As of Tuesday, July 13, for example, the R-effective number was 1.09 for Los Angeles County, as compared to 1.05 in San Francisco County. The overall R-effective for California was 1.12.

The team gets its data from a bundle of data sources.

"The first is paying attention to the clinical and epidemiological literature that's being published and pre-published, and that's where Jason comes in." Jason Andrews, another principal investigator for the SC-COSMO modeling project, is an infectious disease physician and associate professor of medicine at Stanford Medicine.

They also get secure data feeds from the state.
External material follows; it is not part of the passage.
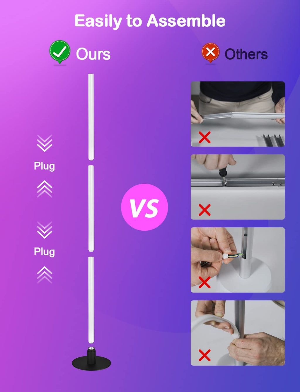 This new corner lamp is so easy to assemble! No complicated steps - just plug it in and you're done. You can finish the whole process in less than a minute, following the simple instruction guide. This lamp is perfect for any room, and its sleek new design will complement any style. Plus, it's easy to move around if you need to change up your space.
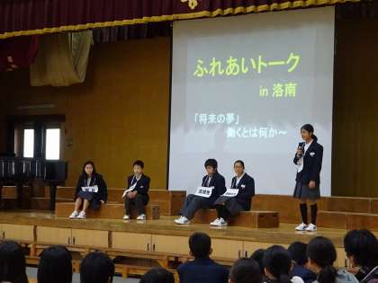 2月8日(木)5・6限,1年生による「ふれあいトークin洛南」を行いました。各クラスが5グループに分かれ,地域の方々,大学生,高校生と「将来の夢〜はたらくとは何か〜」をテーマに話し合いました。

Then the team data analysts, SHP's Kim Babiarz and Lea Prince, do a granular analysis case, testing, hospitalization, and death series to create targets for model calibration and refine model inputs.

Finally, they track numerous public data sites, such as the U.S. Census Bureau for demographics, and Google Mobility and Foursquare, which track the movement of people after public health orders are put into effect. After six counties in the Bay Area issued its shelter-in-place order on March 16, they could see a large reduction in mobility.

"All of that data ultimately results in the ability of the model to make a range of future projections that are consistent with what's happened in the past—and then the uncertainty in these projections widens out as you move forward in time," Goldhaber-Fiebert said. "The tricky part, of course, is that there is always a delay in seeing effects in the data, especially when interventions and policies change," he added. "It's like when you try to turn a big ship—you turn the wheel, but it takes a while for the ship to turn."